::: Input data :::

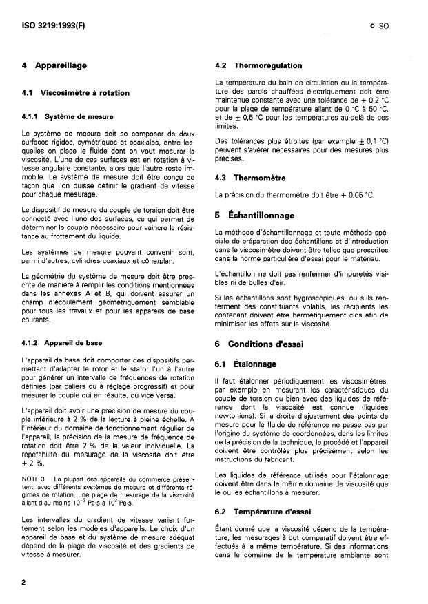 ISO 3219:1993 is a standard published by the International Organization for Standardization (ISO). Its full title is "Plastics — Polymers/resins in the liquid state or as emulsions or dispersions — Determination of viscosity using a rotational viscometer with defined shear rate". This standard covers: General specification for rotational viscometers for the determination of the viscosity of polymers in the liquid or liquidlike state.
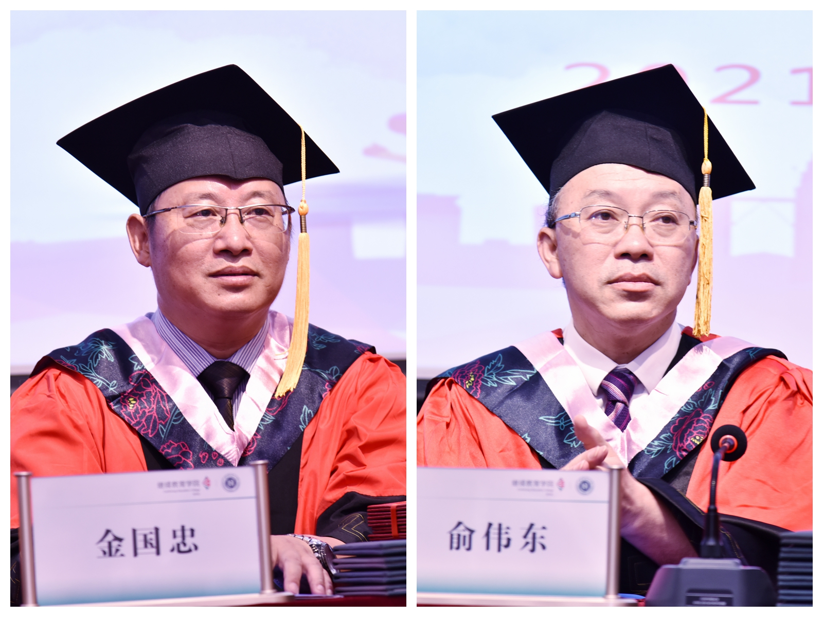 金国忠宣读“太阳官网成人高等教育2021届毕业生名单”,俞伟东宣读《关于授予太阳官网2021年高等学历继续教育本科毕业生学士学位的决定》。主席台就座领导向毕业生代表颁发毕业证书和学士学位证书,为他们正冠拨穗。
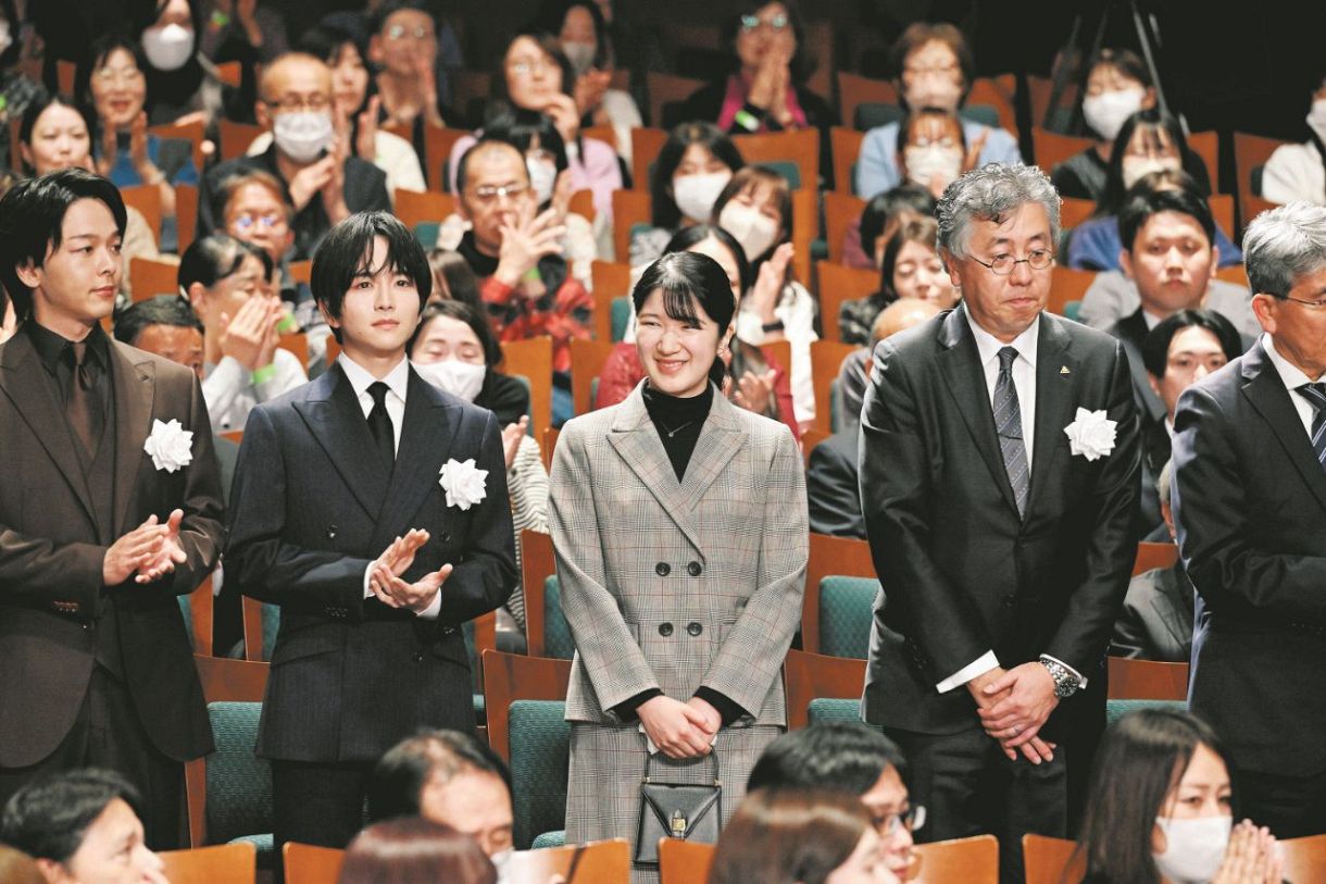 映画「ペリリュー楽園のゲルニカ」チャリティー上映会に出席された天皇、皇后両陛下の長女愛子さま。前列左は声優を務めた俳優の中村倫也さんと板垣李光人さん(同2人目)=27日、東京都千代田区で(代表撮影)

:::

How to complete this task
The whole listing is to be written out exactly; the pictures stay out of the copy.

Response box
 ISO 3219:1993 is a standard published by the International Organization for Standardization (ISO). Its full title is "Plastics — Polymers/resins in the liquid state or as emulsions or dispersions — Determination of viscosity using a rotational viscometer with defined shear rate". This standard covers: General specification for rotational viscometers for the determination of the viscosity of polymers in the liquid or liquidlike state.
 金国忠宣读“太阳官网成人高等教育2021届毕业生名单”,俞伟东宣读《关于授予太阳官网2021年高等学历继续教育本科毕业生学士学位的决定》。主席台就座领导向毕业生代表颁发毕业证书和学士学位证书,为他们正冠拨穗。
 映画「ペリリュー楽園のゲルニカ」チャリティー上映会に出席された天皇、皇后両陛下の長女愛子さま。前列左は声優を務めた俳優の中村倫也さんと板垣李光人さん(同2人目)=27日、東京都千代田区で(代表撮影)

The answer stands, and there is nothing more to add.